Another reason for this default behavior is that for any model you train with external features, Dataiku will require you to provide future values of those external features during forecasting (when trying to score the trained model). Therefore, if there’s no way to know the values of the external features ahead of time (as it applies in this case of stock price information), the model should not use them during training. Using these features will lead to what is called “data leakage”.

  • Leave the external features disabled.

External features tab showing that Dataiku disables external features by default.

  • Go to the Algorithms panel.

Inspect the Algorithms Panel

Dataiku provides several algorithms that you can use to train your model. By default, Dataiku selects the NPTS and Simple Feed Forward algorithms.

  • Enable the Deep AR and Seasonal Trend algorithms in addition to the default selections.

Selected algorithms panel for the model.

One last step before training is to check the runtime environment.

Inspect the Runtime Environment Panel

From the Runtime environment panel, you can select the code environment that contains the required packages for building the time series forecast models.

  • Go to the Runtime environment panel.

  • Select a code environment that includes the required packages for time series forecasting models.

Note

You can create a new code environment that includes the required packages or add them to an existing code environment. See the Requirements for the code environment in the product documentation.

Select an approropriate code environment for time series models.

  • Click Train, and then Train once more to begin training the models.

Inspect the Training Results and Deploy the Model to the Flow

You can inspect the results for the models you trained, just as you would for prediction or clustering models.
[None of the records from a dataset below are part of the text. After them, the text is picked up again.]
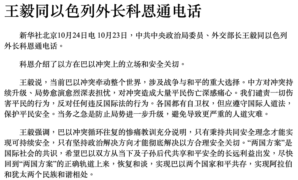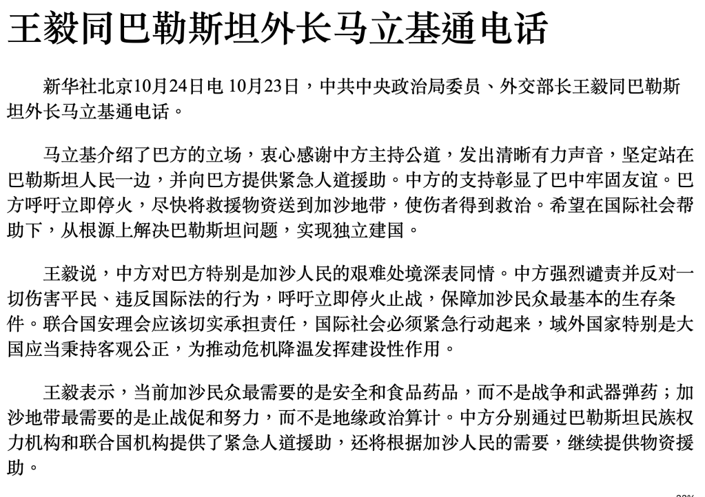 現在世界如此重大國際糾紛衝突發生,以巴雙方都與中國通話。
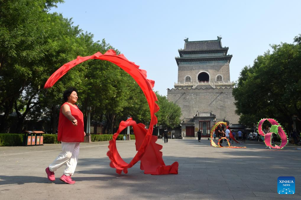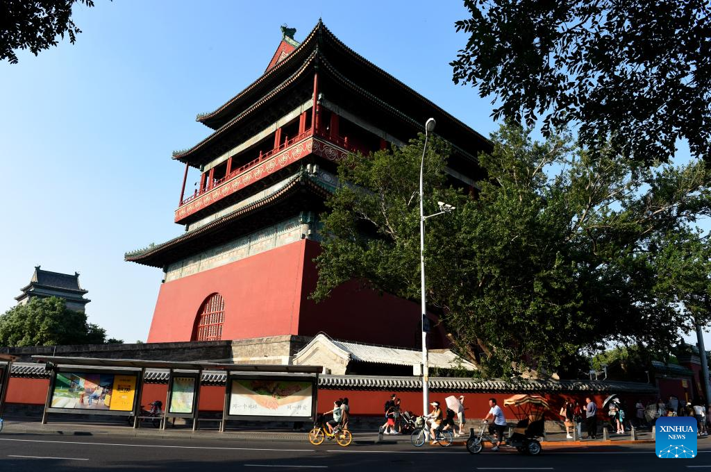 People exercise in front of the Bell Tower in Beijing, capital of China, July 18, 2023. (Xinhua/Luo Xiaoguang)
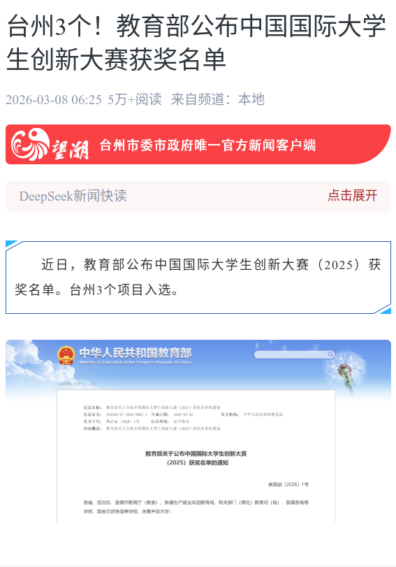 近日,教育部公布中国国际大学生创新大赛(2025)获奖名单。台州3个项目入选。
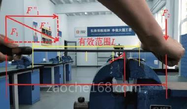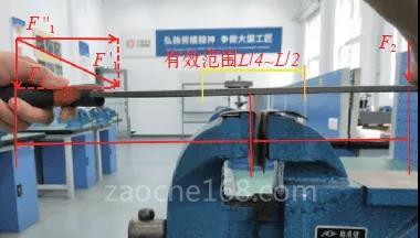 短程锉削(见图12)时,由于使用锉刀有效范围较小,则L1和L2大小在交替变化范围较小,前后手向下施力大小F2、F1相应交替变化范围也较小。所以相对于全程锉削,精度较高,效率较低。
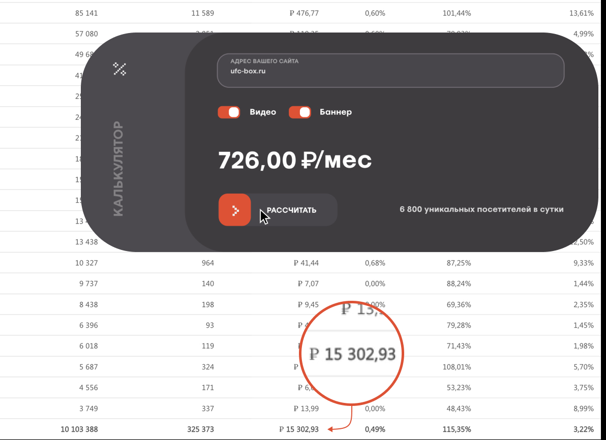 Например, для сайта UFC-BOX калькулятор прогнозировал ежемесячный доход в размере 726 рублей. На самом же деле, месячный доход UFC-BOX составил 15 302 рубля, что в 20 раз превышает расчетное значение.

View the model results page.

Notice the bar charts at the top that allow you to compare different metrics across the trained models. The Simple Feed Forward algorithm performed best for all three metrics (MAPE, Symmetric MAPE, and RMSE).

You can click the metrics dropdown in the session summary to change the displayed metrics and see more performance information across the algorithms.
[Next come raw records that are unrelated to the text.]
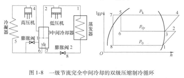 1、一級節流中間完全冷卻的雙級壓縮制冷循環
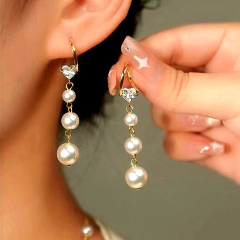 14K Gold-Plated Luxury Diamond Pearl Tassel Earrings
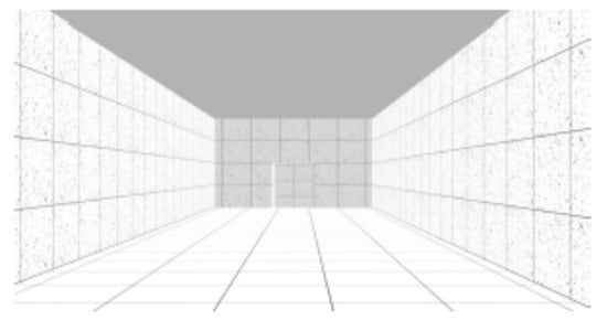 It was decided to use a grey concrete texture for all walls that included a rectangular frame simulating the concrete formwork. All floors were grey in color as well and had a square pattern simulating floor tiles. Lighting was done by five light points across the whole sequence of spaces, with the same attenuation factor (linear/quadratic = 0) and falloff distance (25 m).
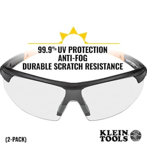 Klein Tools Óculos de segurança 60171, óculos de proteção EPI com semi armação, resistente a arranhões e antiembaçamento, lentes transparentes, pacote com 2 - Lentes estreitas de perfil baixo: óculos de segurança com um design de lente estreita de perfil baixo que combina perfeitamente com o seu rosto para maior proteção - Proteção superior contra impactos: atende aos padrões ANSI Z87.1+, CSA Z94.3 e MIL-PRF-32432A para resistência superior a impactos - Lentes resistentes a arranhões: Lentes transparentes especialmente tratadas oferecem maior durabilidade, tornando-as ideais para locais de trabalho exigentes - Antiembaçamento de longa duração: revestimento antiembaçamento durável que não se desgasta, garantindo uma visão clara mesmo quando utilizado com máscaras antipoeira - Proteção UV EFICAZ: Testado de acordo com o padrão ANSI Z87.1 U6, bloqueando 99,9% dos raios UV prejudiciais para proteção ocular abrangente - Visão cristalina: lente de policarbonato transparente de alta qualidade com distorção mínima garante uma visão sem comprometimento - Ajuste confortável e seguro: materiais leves e flexíveis, nariz de borracha e pontas das hastes para conforto a longo prazo e aderência segura. Este é um pacote com 2
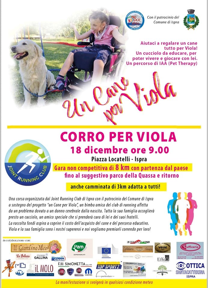 Il Joint Running Club ha organizzato la gara “Corro per Viola” il 18 dicembre 2022, a Ispra, con l’obiettivo di sostenere il progetto “Un Cane per Viola”. Viola è una bambina amica del Club, affetta da un grave problema neurologico dovuto a un danno cerebrale congenito.
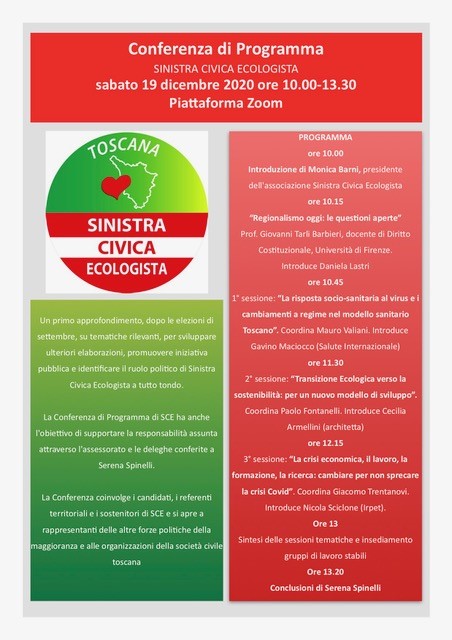 Il prossimo sabato 19 dicembre ci sarà, naturalmente via web, la Conferenza di Programma per la Toscana di Sinistra Civica Ecologista (SCE). Discuteremo e faremo proposte sui temi socio sanitari, sulIe questioni della transizione ecologica, lavoro e istruzione. E su questi stessi temi siamo impegnati anche a livello locale.

Dropdown in the session summary shows other available metrics.

  • On the Model Result page, click the best-performing model, Simple Feed Forward, to see the model training results.

  • Click the Forecast values panel to see the predictions for each time series (AAL, DAL, and UAL) and inspect the plots.

Figure showing a plot of the forecast for the UAL time series.

For each of the “k = 5” folds, a black line shows the actual time series values; another line shows the values that the model forecast for that fold; and a shaded area represents the confidence intervals for the forecast values.

Notice that Dataiku also plots the forecast values and confidence intervals for the next horizon of the training dataset (beyond the last timestamp in the training data).

The other panels of the model’s Report page show additional training details. For example, the Metrics tab in the Performance section displays the aggregated metrics for the overall dataset and its individual time series. The tabs in the Model Information section provide more details on resampling, features used to train the model, the algorithm details, etc.

Once you finish inspecting the model and are satisfied with its performance, you can deploy the model to the Flow, as you would for any prediction model in Dataiku.

  • Click Deploy from the top right corner of the page.

  • Click Create to deploy the Predict Adj_close model to the Flow.

Note

Like any other Dataiku visual ML model, you can deploy time series models in the Flow for batch scoring or as an API for live scoring.

Figure showing the time series model in the Flow.

Evaluate the Time Series Model

Next, evaluate the model’s performance on data not used during training. For this, you’ll use the Evaluate recipe.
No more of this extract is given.